In programming, one often needs to check if a number is odd or even. For that, we usually use:
n % 2 == 0
However, my understanding is that the '%' operator actually performs a division and returns its remainder; therefore, for the case above, it would be faster to simply check the last bit instead. Let's say n = 5;
5 = 00000101
In order to check if the number is odd or even, we just need to check the last bit. If it's 1, the number is odd; otherwise, it is even. In programming, it would be expressed like this:
n & 1 == 0
In my understanding this would be faster than % 2 as no division is performed. A mere bit comparison is needed.
I have 2 questions then:
1) Is the second way really faster than the first (in all cases)?
2) If the answer for 1 is yes, are compilers (in all languages) smart enough to convert % 2 into a simple bit comparison? Or do we have to explicitly use the second way if we want the best performance?

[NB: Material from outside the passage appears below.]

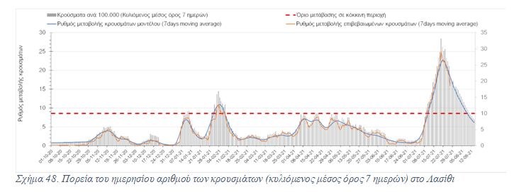 Σχήμα 48. Πορεία του ημερησίου αριθμού των κρουσμάτων (κυλιόμενος μέσος όρος 7 ημερών) στο ΛασίθιΣτη Λέσβο, εντοπίστηκαν 20 νέα κρούσματα (Σχήμα 49) οπότε η έντονη αύξηση που παρατηρήθηκε και την οδήγησε πάνω από το όριο της κόκκινής περιοχής, παρουσιάζει ανοδικές διακυμάνσεις. Στην Κέρκυρα, εντοπίστηκαν 25 κρούσματα (Σχήμα 50) και παρατηρείται μεγαλύτερος αριθμός κρουσμάτων σε σχέση με τη Δευτέρα, επανάκαμψη του ανοδικού κύματος και πλέον η περιοχή πέρασε αρκετά πάνω από το όριο χαρακτηρισμού ως κόκκινη. Στη Χίο όπου εντοπίστηκαν 51 κρούσματα , διαμορφώνεται και εδώ μια έντονα ανοδική τάση (Σχήμα 51). Στη Θάσο, εντοπίστηκε 1 κρούσμα (Σχήμα 52). Στην Πάρο παρουσιάζεται αυξημένος αριθμός κρουσμάτων σε σχέση με χτες καθώς εντοπίστηκαν 28 κρούσματα (Σχήμα 53) και η συνολική πορεία παρουσιάζει σημάδια αποκλιμάκωσης. Στην Μύκονο εντοπίστηκαν 24 κρούσματα (Σχήμα 55) και έχει περιέλθει σε αποκλιμάκωση, ενώ στη Σαντορίνη που δεν εντοπίστηκαν νέα κρούσματα (Σχήμα 56), παρουσιάζεται ξανά καθοδική τάση. Στην Ζάκυνθο εντοπίστηκαν 39 κρούσματα και συνεχίζεται η έντονα ανοδική πορεία (Σχήμα 54), όπως και στην Ρόδο όπου εντοπίστηκαν 78 κρούσματα (Σχήμα 57).

Yes, a bit-test is much faster than integer division, by about a factor of 10 to 20, or even 100 for 128bit / 64bit = 64bit idiv on Intel. Esp. since x86 at least has a test instruction that sets condition flags based on the result of a bitwise AND, so you don't have to divide and then compare; the bitwise AND is the compare.
I decided to actually check the compiler output on Godbolt, and got a surprise:
return n % 2 from a signed int n value instead of just testing it for non-zero (if (n % 2)) produces slower code than return n & 1. This is because (-1 % 2) == -1, while (-1 & 1) == 1, so the compiler can't just use a bitwise AND. Compilers still avoid integer division, though, and use some clever shift / and / add / sub sequence instead to get the -1 / 0 / +1 remainder, because that's still cheaper than an integer division. (gcc and clang use different sequences.)

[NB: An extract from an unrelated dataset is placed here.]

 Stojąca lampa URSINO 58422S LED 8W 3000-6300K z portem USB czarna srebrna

So if you want to return a 0/non-zero int value based on n % 2, return n%2 != 0. For 2's complement (and sign/magnitude) signed int, that's the same as n&1. Most of us only care how our code optimizes for 2's complement machines, and C++20 dropped the possibility of sign/magnitude or one's complement, making two's complement the only possibility. (To check the opposite condition, n%2 == 0. Not n%2 == 1, that would force it to check the sign bit as well for signed types, if it can't prove the signed int must be non-negative.)
You get the same benefit from using an unsigned type, since that takes negative numbers out of the picture. Unsigned / and % by powers of 2 are just right shift and bitwise AND, unlike signed where division truncates toward 0 but arithmetic right shift (>>) rounds toward -infinity. This also lets the compiler always optimize it to a single AND instruction. (On godbolt, you can flip to other architectures, like ARM and PowerPC, and see that the unsigned even (%) function and the int even_bit (bitwise &) function have the same asm code.)
Using a bool (which must be 0 or 1, not just any non-zero value) is another option, return n%2 as a bool is equivalent to return n%2 != 0. But the compiler will have to do extra work to return (bool) (n % 4) (or any test other than n%2) even for unsigned types. The return n & 3 version of that will be 0, 1, 2, or 3, so the compiler has to turn any non-zero value into a 1. (x86 has an efficient setcc instruction that sets a register to 0 or 1, depending on the flags, so it's still only 2 instructions instead of 1. Clang/GCC use this, see aligned4_bool in the godbolt asm output.)
With any optimization level higher than -O0, gcc and clang optimize if (n%2) to what we expect. The other huge surprise is that icc 13 doesn't. I don't understand WTF icc thinks it's doing with all those branches.